Should this live in dask-jobqueue?

I'm at the point of trying to decide where this code should live within the Dask ecosystem. So far I have implemented MPIRunner and SlurmRunner as a proof-of-concept. It would be very straight forward to write runners for other batch systems provided it is possible to detect the process ID/rank from the environment.

I can imagine users choosing between SLURMCluster and SlurmRunner depending on their use case and how they want to deploy Dask. There are pros/cons to each deployment model, for example the cluster can adaptively scale, but the runner only requires a single job submission which will guarantee better node locality.

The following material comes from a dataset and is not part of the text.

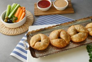 Take a dough,sprinkle flour and roll out with the help of rolling pin and cut with the help of the cutter.

So perhaps it makes sense for SlurmRunner to live here in dask-jobqueue and we can use documentation to help users choose the right one for them? (We can make the name casing more consistent).

The MPIRunner and SlurmRunner share a common base class, so I'm not sure if that means MPIRunner should also live here, or whether we should accept some code duplication and put it in dask-mpi?

Alternatively my prototype repo could just move to dask-contrib and become a separate project?

Or we could roll all of dask-jobqueue, dask-mpi and the new dask-hpc-runners into a single dask-hpc package? Or pull everything into dask-jobqueue?

The Dask HPC tooling is currently very fragmented and I'm keen to make things better, not worse. But I'm very keen to hear opinions from folks like @guillaumeeb @lesteve @jrbourbeau @kmpaul @mrocklin on what we should do here.

@guillaumeeb
Copy link
Member

Thanks @jacobtomlinson for sharing this and opening this discussion!

The Dask HPC tooling is currently very fragmented and I'm keen to make things better, not worse.

I totally agree with this statement. I would love to see a single dask-hpc package with all of this, but this would require a non negligible amount of work, especially in documentation content.

@kmpaul
Copy link

kmpaul commented May 24, 2024

This is fantastic, @jacobtomlinson! Very cool stuff.

I agree with @guillaumeeb that it would be really nice to have a Dask HPC package with everything in one place. I would volunteer to help maintain that package, since Dask MPI would get rolled into it.

This reminds me that I have had a major PR in Dask MPI waiting for quite a while now. I should finish that and merge it in before moving DaskMPI into any new package.

@jacobtomlinson
Copy link
Member Author

Awesome thanks @kmpaul. Your new implementation looks interesting, feel free to ping me again for review once the conflicts are worked out.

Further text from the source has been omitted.